Rickman reprises the role in Alice Through the Looking Glass (2016), though he remains a butterfly, leading Alice to the looking-glass portal to Underland and informing her that matters require her urgent attention. He isn't seen again for the rest of the film but makes a cameo in the credits. This was also Rickman's final film performance and the film is dedicated in his memory.

===Once Upon a Time===
The Caterpillar appears in the episode "Hat Trick" of the television series Once Upon a Time, voiced by Roger Daltrey. In the 2013 spin-off series Once Upon a Time in Wonderland, the Caterpillar appears in the episode "Forget Me Not" voiced by Iggy Pop, wherein he operates a meeting-house for the transaction of criminal business.
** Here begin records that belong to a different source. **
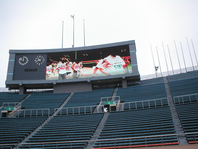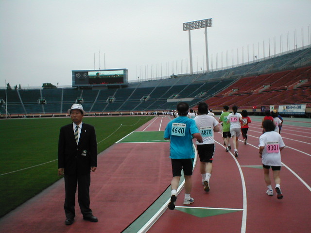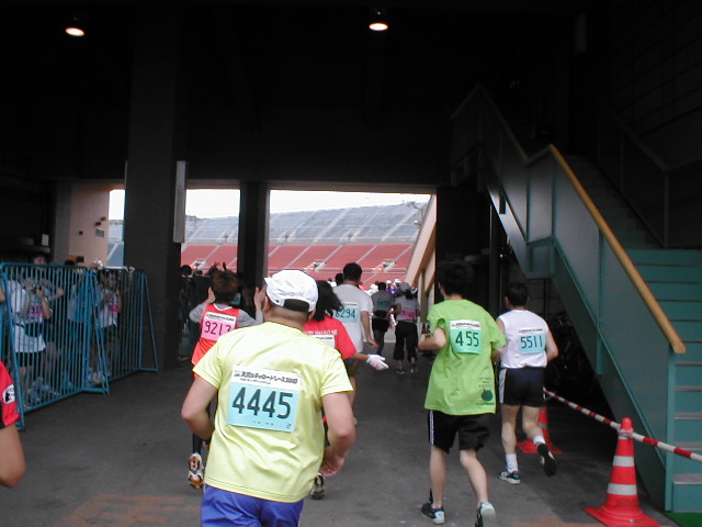 マラソンゲートをくぐったら・・・ 国立競技場のトラックを走れるなんて感激! オリンピックにでているみたい! ビジョンでもフィニッシュの 映像を映してくれてます。 フィニッシュ地点!お疲れさま。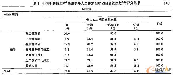 從表1中可以看出,不同職類員工對“高層領(lǐng)導(dǎo)人員參加ERP項目會議次數(shù)行這個問題的評分各不相同,比如高層管理者中有20%的人打了1分,即%的人打了3分,而中層管理者中僅有2.9%的人打了1分,還有10.5%的人認(rèn)為優(yōu)秀。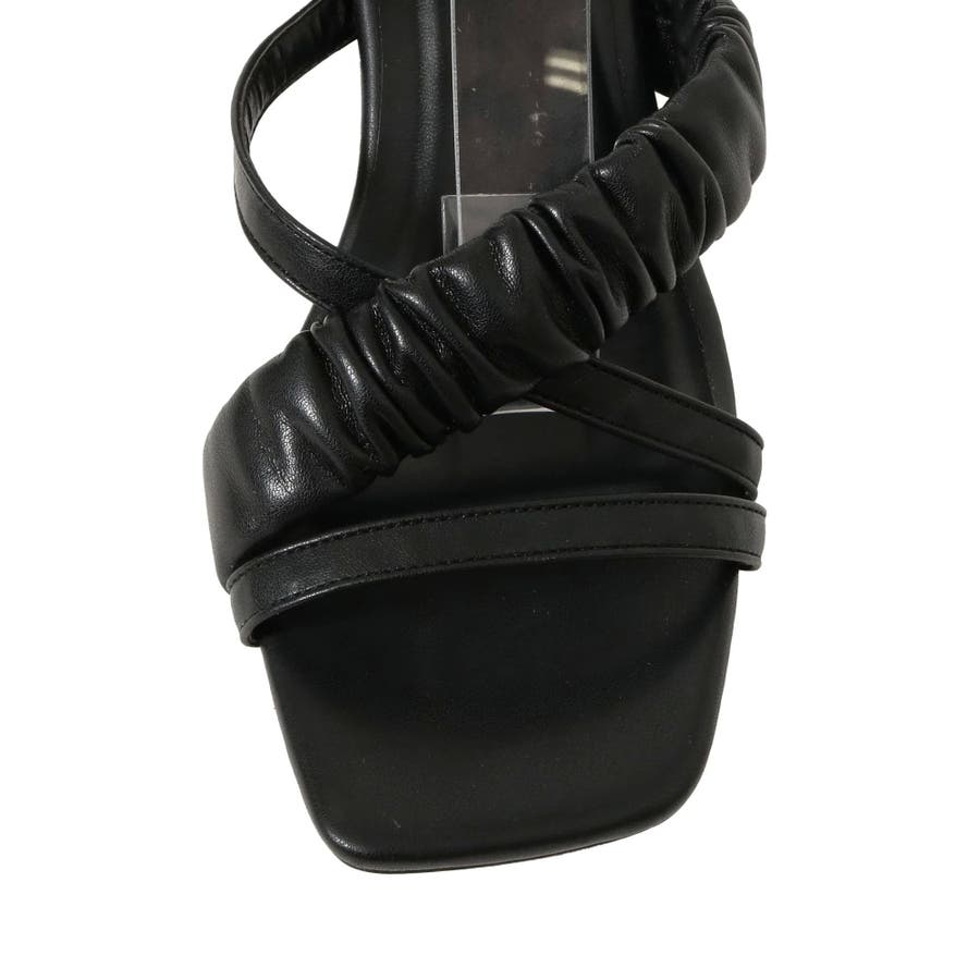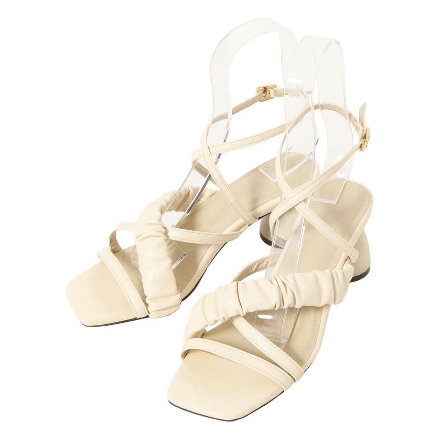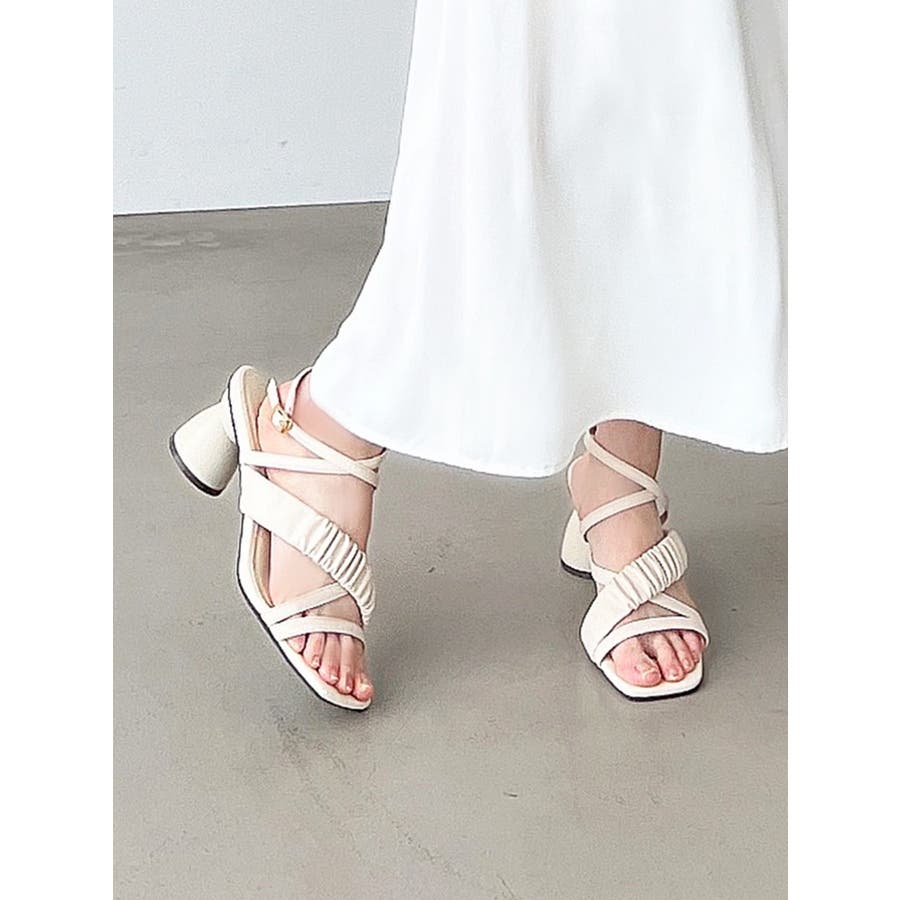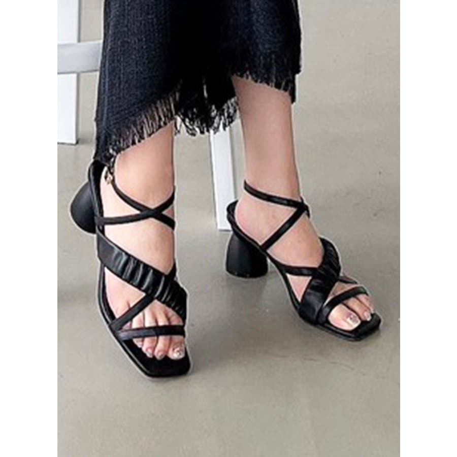 細部にこだわったサンダルが登場▽Point▽柔らかいPUを使用し、部分的にギャザーを寄せ存在感あるサンダルに仕上げました♪ランダムなライン使いがコーデのアクセントになります。コロンとしたフォルムのヒールを使用したことで後ろ姿まで可愛く、太めのヒールと足首までストラップがあることで安定感があり履きやすい1足。カラー展開はベーシックな2色とコーデのポイントになるグリーンを差し色で導入しました。足首までストラップがあることによってミニ丈のボトムスやワンピースとも相性が良くなり、万能に使える1足です◎【スタッフ着用レビュー】 スタッフA(普段のサイズ: 24.5cm/足の幅: 9.8cm/甲の高さ: 5.6cm/ふくらはぎ周り:34cm)Lサイズ着用でぴったりでした。足幅も丁度良く、ストラップがあることでホールド感があり歩きやすいです。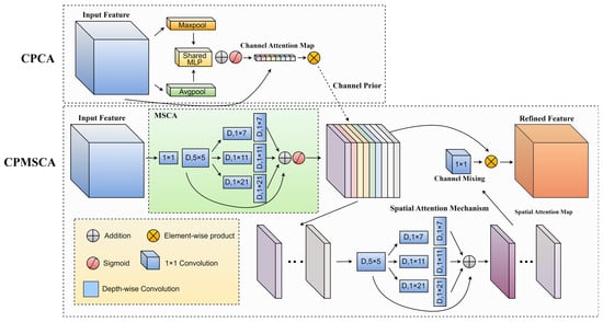 Obtaining high-resolution images of aluminum in typical industrial environments is considered difficult, which results in the features of aluminum damage not being evident in the photographs. This necessitates advanced feature extraction capabilities and effective information aggregation within the model to accurately detect and classify defects. Traditional channel and spatial attention mechanisms have been proven effective in enhancing the discriminative capacity of feature representations. However, when modeling cross-channel dependencies, dimensionality reduction often hampers deep visual representation learning, leading to a failure to detect certain features or defects. To address these issues, Channel Prior and Multi-Scale Convolutional Attention (CPMSCA) was proposed, which was inspired by Channel Prior Convolutional Attention (CPCA) [30] and Multi-Scale Convolutional Attention (MSCA) [31].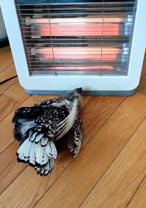 ストーブの前で暖をとるイヌやネコの映像は冬になって来るとよく見られますが・・・。 今回ご紹介する映像では、なんとニワトリがストーブの前を確保していました!

He is consulted twice by Alice for assistance in an adventure of her own.

===In other media===
- In several Marvel Comics stories featuring Doctor Strange, the magical entity Agamotto has appeared in a form resembling the Caterpillar.
- The Caterpillar is referenced in the 1967 song White Rabbit by Jefferson Airplane.
- The Caterpillar appeared in the 2000 video game American McGee's Alice and its 2011 sequel Alice Madness Returns, voiced by Jarion Monroe. He is the wisest denizen in Wonderland and provides guidance to Alice in both games.
- In one episode of Ouran High School Host Club called "Haruhi in Wonderland", Kyoya Otori is dressed as the Caterpillar.
- In the 2003 horror crossover film Freddy vs. Jason, Freddy Krueger takes the form of the Caterpillar and smokes a hookah in Freeburg's dream.
- The Caterpillar appeared in the 2004 novel The Looking-Glass Wars and he plays the role of an oracle.
- The Caterpillar makes a cameo appearance in the Sunsoft's 2006 mobile game Alice's Warped Wonderland (歪みの国のアリス, Yugami no kuni no Arisu). The Caterpillar appears only in one scenario branch of the bad endings, warning Ariko (the "Alice" of the game) that Cheshire Cat has become dangerous, but is shortly squished to death by Cheshire Cat. The Caterpillar takes the form of a miniature human man in a green sleeping bag.
- In the 2009 SyFy TV miniseries Alice, the character is a human nicknamed "Caterpillar" (Harry Dean Stanton), who is the leader of the underground resistance to the Queen of Hearts.
- In the Murdoch Mysteries TV show 2011 episode “Murdoch in Wonderland,” the titular character is framed for murder following an Alice in Wonderland themed costume party. The host, Constance Gardenier, dresses herself as the Caterpillar.
- In the Ensemble Stars! DRAMATICA ACT 3 stage production "カラ降るワンダフル！", Madara Mikejima is portraying the Caterpillar.
- In the 2025 Russian musical film Alice in Wonderland, the Caterpillar is portrayed by Sergey Burunov.